"The top 20-25% of our 6th grade students will participate in our AC classes, and we place those students in each content area based on criteria. In most recent years, the students that are placed in our AC Language Arts range from about the 95%tile- 99.9%tile."
You know, some days I wish school administrators had to take a comprehensive course in statistics before they were allowed to wave them around. 75th or 80th percentile in his school is 95th percentile for the population as a whole? That seems tremendously statistically unlikely.

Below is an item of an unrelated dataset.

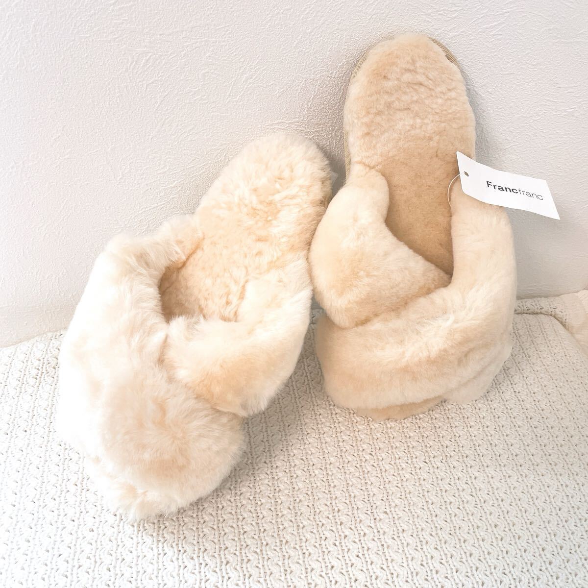- 新品フランフランFrancfrancシープファー羊毛クロスルームシューズ ムートン スリッパ靴シープスキン ファーサンダル白ホワイトM~Lサイズ

Does it, really? Stats is not my strong point, but suppose we're measuring on the usual normal distribution, SD 15 basis. Suppose School A has, because of local population or because of explicit selection, a distribution which is shifted one standard deviation above the population distribution. Then half of School A's students are above their mean and above the 84th percentile of the population (50th percentile in School A is 84th for the population) , and 16% of School A's students are above the 98th percentile of the population (84th percentile for School A is 98th for the population). I don't know how to interpolate, but this seems to be roughly the scenario we need to make the school's statement true.
I couldn't quickly google convincing proof, but I don't think this amount of distribution-shifting as a result of an area having mostly privileged children is implausible, at least in the UK. It's unlikely to arise by chance, but children aren't sorted into schools by chance.